Yeah mate, it’s a two- tonner!

Todd Brennan -
Safety First
- 27 Sep 2007 ( #329 )
3 min read
Todd Brennan is the founder and owner of Forkpro Australia. A former chairman of the Australian Industrial Truck Engineering Committee, Brennan aims to "fill the forklift safety gap" with Forkpro's forklift training courses. Together with his team, he has assisted tertiary institutions, including the Melbourne-based Monash University Accident Research Centre's forklift safety project.
There is only one thing more alarming than deliberately overloading a forklift and that is not knowing whether it is overloaded.

The inability of a large percentage of forklift operators to understand the load capacity plate of their forklift continues to be a conundrum that begs for a good solution. I wish I had $10 for every time I have been told "yeah, it's a two-tonner", only upon further investigation to find the forklift is actually rated in some cases barely 25% of that. Anecdotally, there are even fewer supervisors who could explain the load capacity accurately, let alone set their charges on the right track.

So why the confusion? Firstly, it is often not conveyed properly to the user and secondly, because of the relative complexity of ratings applied to modern forklifts, especially warehouse equipment. Now, this has been a topic of discussion within the Forkliftaction.com forums and if you look back to the various opinions expressed, there is no wonder the poor old end-user is confused.

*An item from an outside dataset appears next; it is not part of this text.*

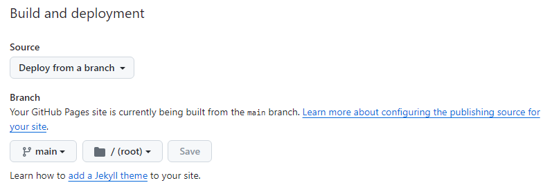 - Go to the repository settings, click on the “Pages” tab, scroll down to “Build and Deployment”, the Source would be set to
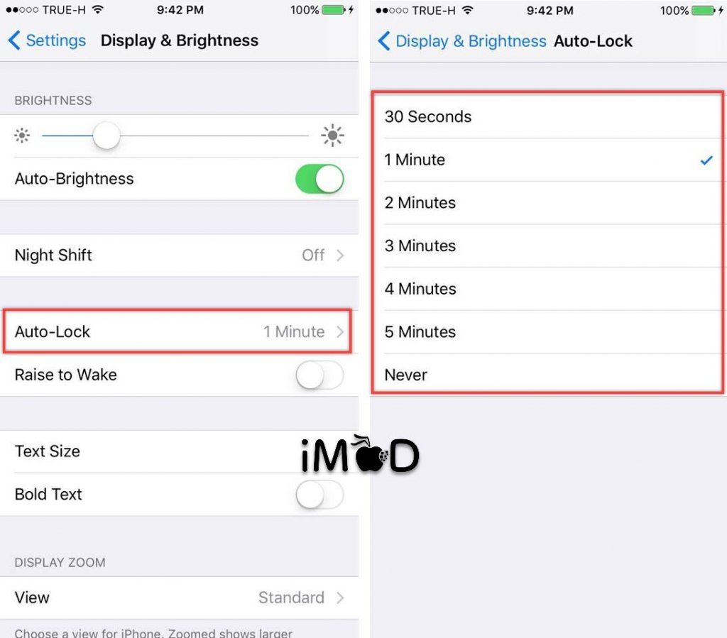 ไปที่ Settings  > Display & Brightness > Auto-Lock

OK, so the 2.5 tonner is not 2.5 tonne. How can that be? Three simple reasons:
  1. In Australia, trucks are based on 600mm load centre as a standard.
  2. Almost all new trucks are fitted with some type of load handling attachment.
  3. Forklift basic capacity is determined with a low lift height mast which is rarely used.
The combination of the above all leads to the residual capacity shown on the forklift's load capacity plate. "Oh, but that's fine. It can lift more down low," I have heard on many occasions. WRONG AGAIN! What's on the plate is the maximum the forklift can lift to the specified lift height and specified load centre distance. If the forklift has a rating at the full lift height, no more weight can legally be lifted unless it carries what is called an intermediate load capacity rating as well. These intermediate ratings show the capacity at one or more heights between the ground and full lift height. So you may have ratings, for example, at 4,000mm, 5,000mm and 6,000mm.

Of course, the higher the height, the lower the rating - usually.

Now add the fact that multiple load centre distances may also be given and the modern forklift may carry three, six, nine or even more rated capacities. Plus, on a counterbalance, they also must have the mast forward tilt capacities.

Confusing? Absolutely! Well, maybe. It all depends on how well trained you are.

Australian Standard AS2359 Part 1 is currently under review and will be out for public comment in the future. As members of this committee, my colleagues and I have committed to try to develop a forklift load capacity plate that will provide the 'Capacity-at-a-glance'. In essence, the proposal is not to delete the multiple alternative capacities but have one clear capacity that will catch the operator's eye and that cannot be misunderstood as anything but the forklift's lift capacity. Of course, the object is that this be the lowest capacity out of the set. Should there be any confusion, the eye is drawn to the lowest number and thus the least likely to cause stability problems.

As it stands now, the first number that could be seen is the highest capacity and, thus, if lift height restrictions are not observed, this could put the truck into dangerous waters.

The Monash Accident Research Centre study into forklift safety - and the regulators - have been critical of the model code designations used commonly on forklifts. i.e. FG25 or similar as it is said to represent the nominal capacity of the forklift and, as I have stated above, this may be nowhere near the case. In the writer's experience, this is all too often the case.

At the end of the day, if a forklift operator cannot understand the load capacity plate, they cannot operate the forklift safely. The same can be said for the supervisors. Yes, the plates can be confusing at first look; however, with the right explanation, they are simply a matrix of figures with relatively straight-forward indicators.

Abiding by the capacities of the load capacity plate does not guarantee the forklift stability. However, inadvertent overloading is a clear contributor to forklift accidents. Getting the right information is a serious business.